[Data supplied — start]
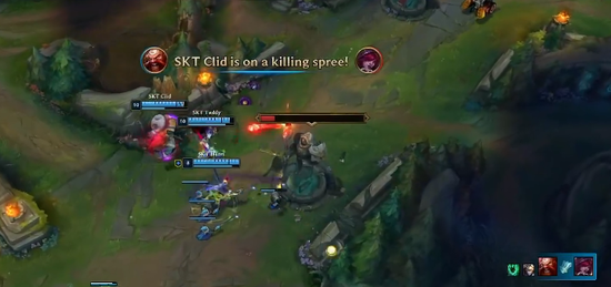 15分钟,RNG三人包抄下路二塔,强行击杀卡牌。而过后不久,中路T1三人由打野酒桶动了先手E闪,击杀霞还以颜色。
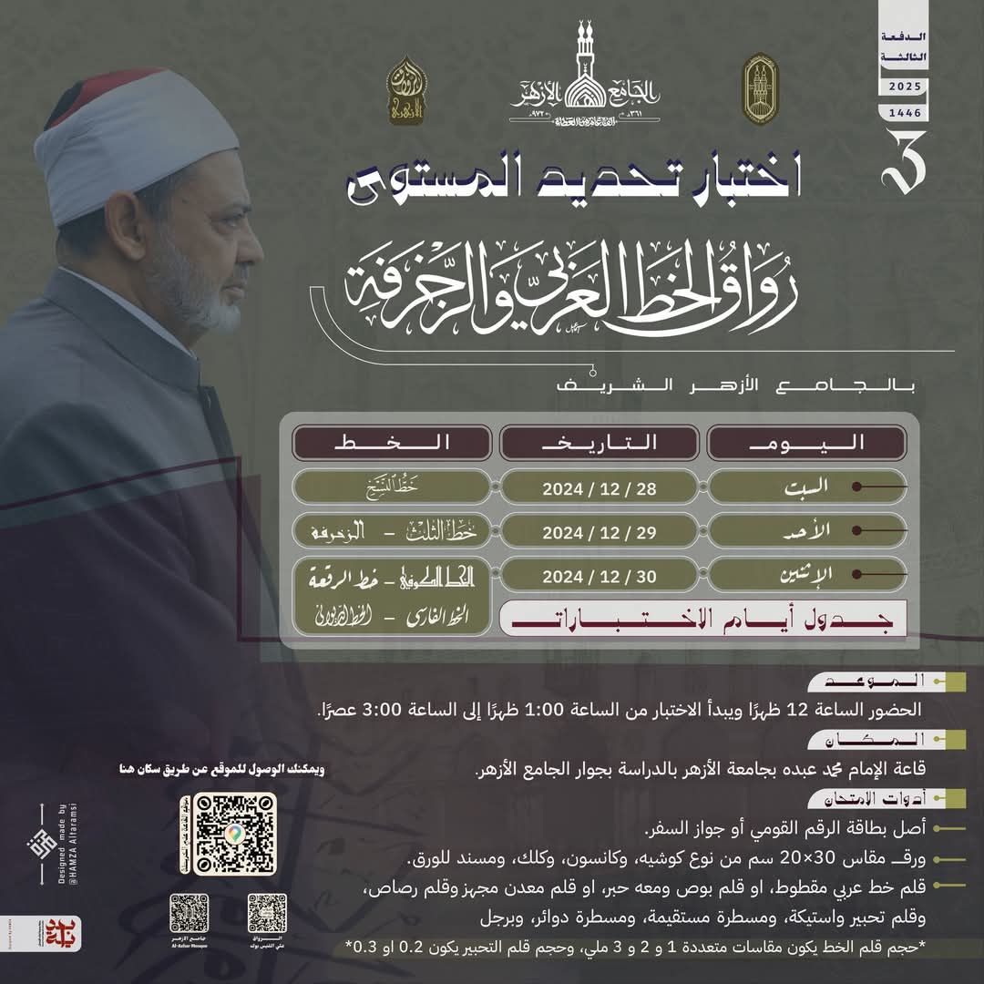 انطلاق اختبارات نهاية المستوى برواق الخط العربي بالجامع الأزهر
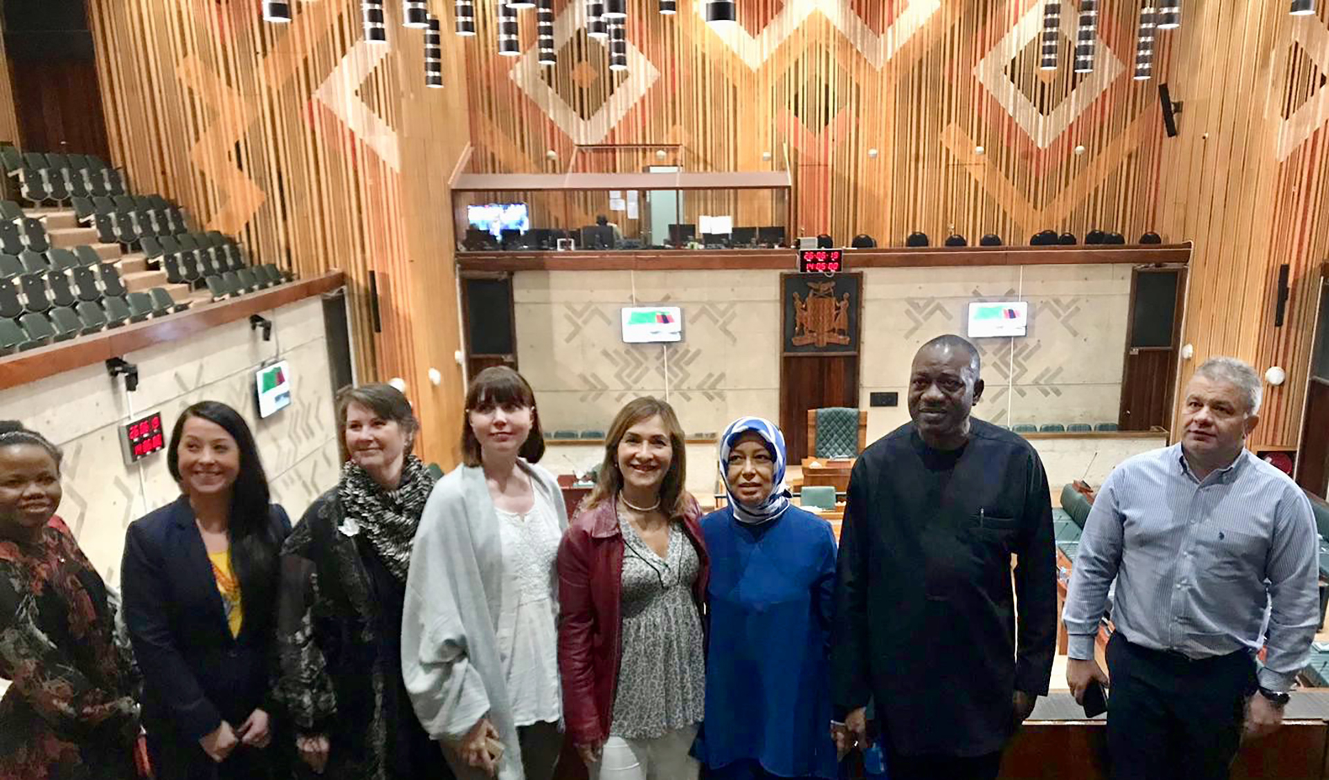 Thursday, June 27, 2019 — Senator Marilou McPhedran participates in a discussion about universal healthcare with a delegation from the European and African Parliamentary Forums and members of the National Assembly of Zambia in Lusaka.
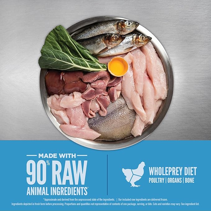 - This freeze-dried dog food is made with 90% raw animal ingredients* including free-run** chicken and turkey, nourishing organs, and wild-caught fish.
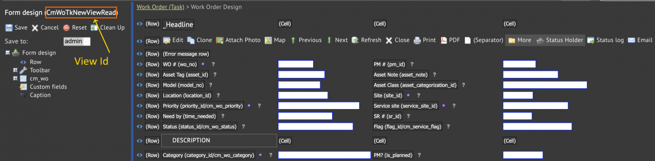 - The View ID is shown at the top left section of the left panel of the form design screen.
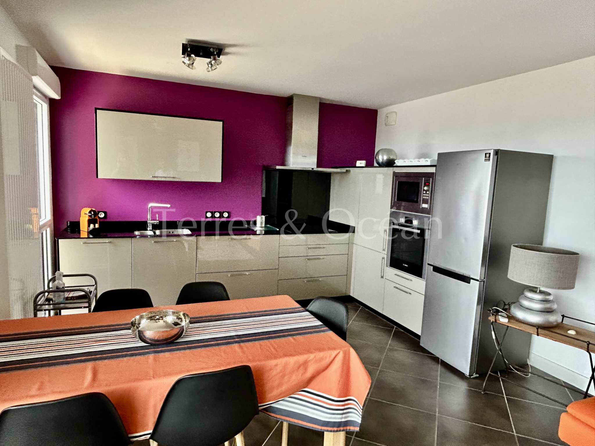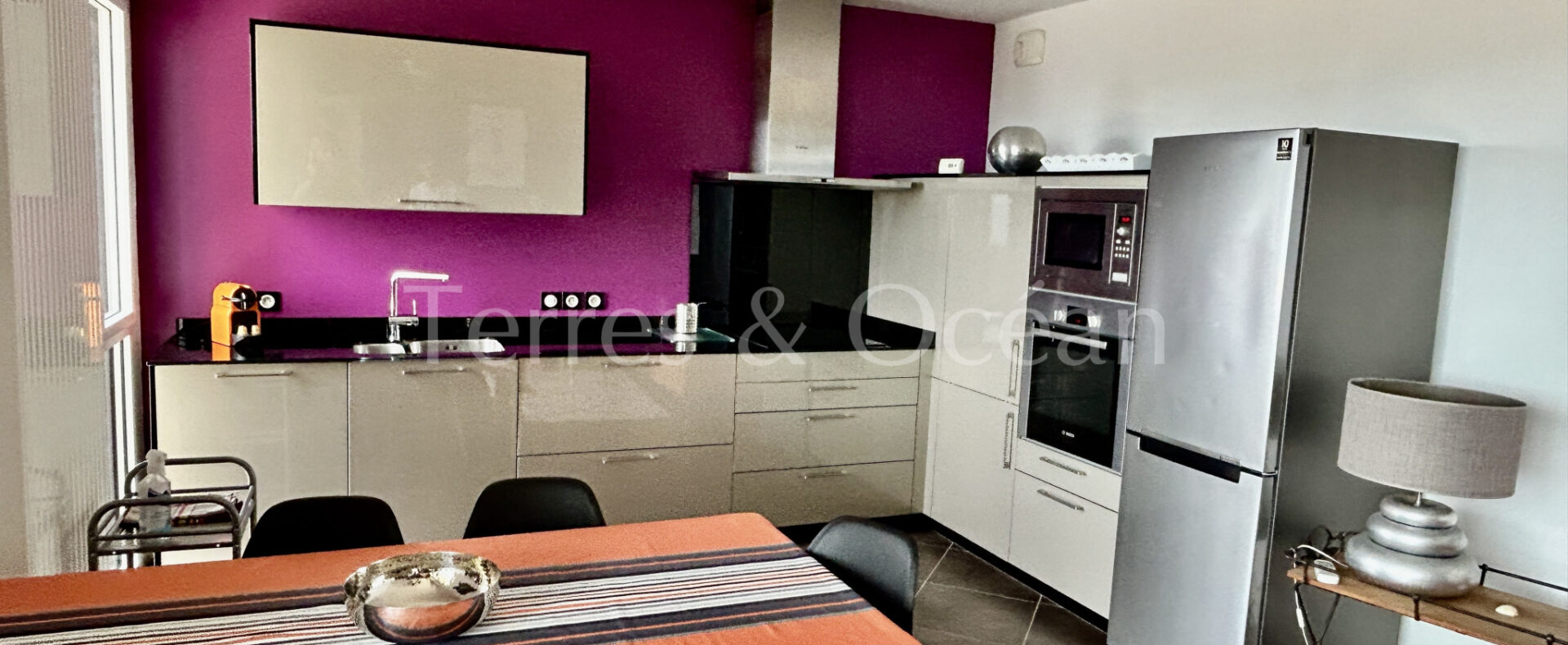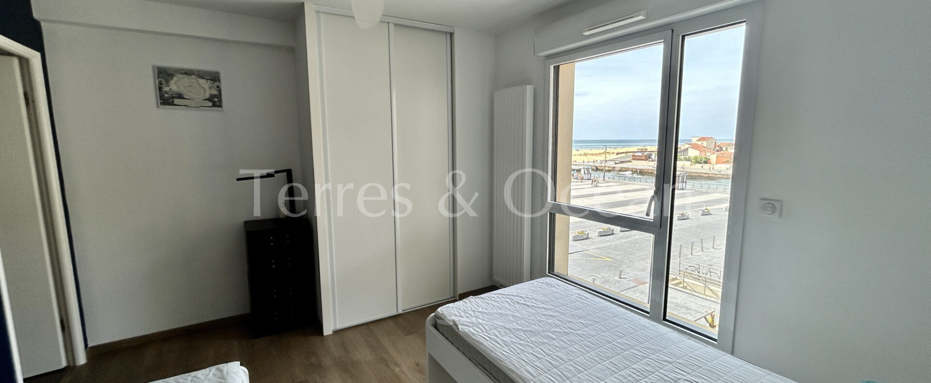 Capbreton, situé dans une résidence de haut standing avec ascenceur, magnifique appartement de 67 m2 de type 3, au 2ème étage, bénéficiant d’une vue sur l’océan. Il se compose d’une vaste pièce de réception avec cuisine américaine, une grande terrasse côté mer d’environ 16 m2, deux chambres avec placards, une salle d’eau et d’un wc. Parking en sous-sol et espace de rangement commun pour vélos. Parfaitement adapté aux modes de vie à l’année comme en saisonnier. Visite virtuelle sur demande. Copropriété de 140 lots dont 67 appartements. Charges annuelles de copropriété : 1200 € par an. Les informations sur les risques auxquels ce bien est exposé sont disponibles sur le site Géorisques : www.georisques.gouv.fr Proposé à la vente par l’agence TERRES & OCEAN immobilier – Mandat 1500 – Agent commercial Alexandra Baudoin Desprez RSAC 853744217 Dax. Tél : 07.81.75.97.44
[Data supplied — finish]
■ **What you should do**: Retype the data shown above exactly, excluding any picture it contains.

■ **Answer box**:
 15分钟,RNG三人包抄下路二塔,强行击杀卡牌。而过后不久,中路T1三人由打野酒桶动了先手E闪,击杀霞还以颜色。
 انطلاق اختبارات نهاية المستوى برواق الخط العربي بالجامع الأزهر
 Thursday, June 27, 2019 — Senator Marilou McPhedran participates in a discussion about universal healthcare with a delegation from the European and African Parliamentary Forums and members of the National Assembly of Zambia in Lusaka.
 - This freeze-dried dog food is made with 90% raw animal ingredients* including free-run** chicken and turkey, nourishing organs, and wild-caught fish.
 - The View ID is shown at the top left section of the left panel of the form design screen.
 Capbreton, situé dans une résidence de haut standing avec ascenceur, magnifique appartement de 67 m2 de type 3, au 2ème étage, bénéficiant d’une vue sur l’océan. Il se compose d’une vaste pièce de réception avec cuisine américaine, une grande terrasse côté mer d’environ 16 m2, deux chambres avec placards, une salle d’eau et d’un wc. Parking en sous-sol et espace de rangement commun pour vélos. Parfaitement adapté aux modes de vie à l’année comme en saisonnier. Visite virtuelle sur demande. Copropriété de 140 lots dont 67 appartements. Charges annuelles de copropriété : 1200 € par an. Les informations sur les risques auxquels ce bien est exposé sont disponibles sur le site Géorisques : www.georisques.gouv.fr Proposé à la vente par l’agence TERRES & OCEAN immobilier – Mandat 1500 – Agent commercial Alexandra Baudoin Desprez RSAC 853744217 Dax. Tél : 07.81.75.97.44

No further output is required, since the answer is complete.